METHODS::Human papillomavirus (HPV) type 58 is the third most commonly detected HPV type in cervical cancer among Eastern Asians. Our previous international epidemiological studies revealed that a HPV58E7 natural variant, T20I/G63S (designated as V1), was associated with a higher risk of cervical cancer. We recently showed that V1 possesses a greater ability to immortalise and transform primary cells, as well as degrading pRB more effectively than the prototype and other common variants. In this study, we performed a series of phenotypic and molecular assays using physiologically relevant in vitro and in vivo models to compare the oncogenicity of V1 with that of the prototype and other common natural variants. Through activation of AKT and K-Ras/ERK signalling pathways, V1 consistently showed greater oncogenicity compared with prototype and other variants, as demonstrated by increased cell proliferation, migration and invasion, as well as induction of larger tumours in athymic nude mice.

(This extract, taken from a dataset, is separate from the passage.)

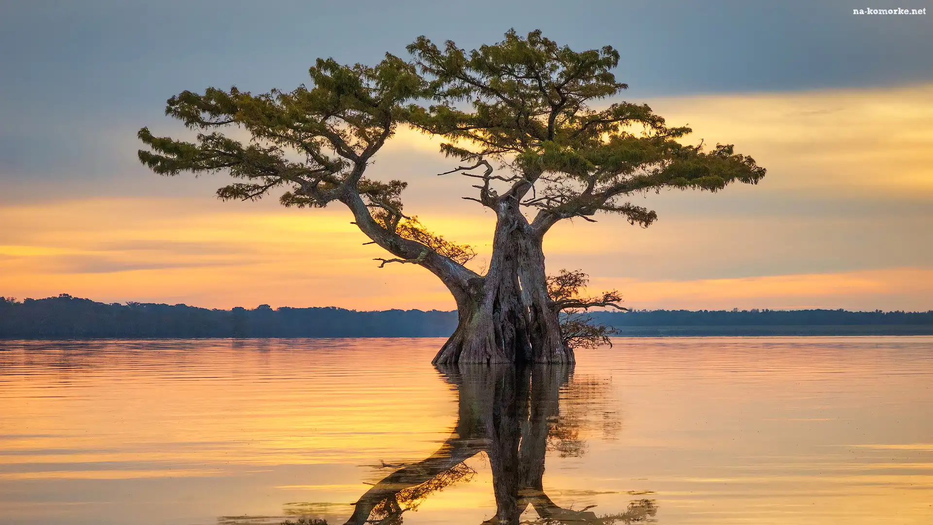 Cyprys, Wschód słońca, Mokradło, Odbicie, Stany Zjednoczone, Drzewo, Luizjana, Bagno, Atchafalaya Basin na Komórkę |

This study complements our previous epidemiological and molecular observations pinpointing the higher oncogenicity of V1 compared with prototype and all other common variants. Since V1 is more commonly found in Eastern Asia, our report provides insight into the design of HPV-screening assays and selection of components for HPV vaccines in this region.IMPORTANCE Epidemiological studies have revealed that a wild type variant of HPV58 carrying an E7 variation, T20I/G63S (V1), is associated with a higher risk of cervical cancer. We previously reported that this increased oncogenicity could be the result of its greater ability to degrade pRB, thereby leading to an increased ability to grow in an anchorage-independent manner. In addition to this, this report further showed that this HPV variant induced activation of AKT and K-Ras/ERK signalling pathways, thereby, explaining its genuine oncogenicity in promoting cell proliferation, migration, invasion, and formation of tumours, all to a greater extent than prototype HPV58 and other common variants.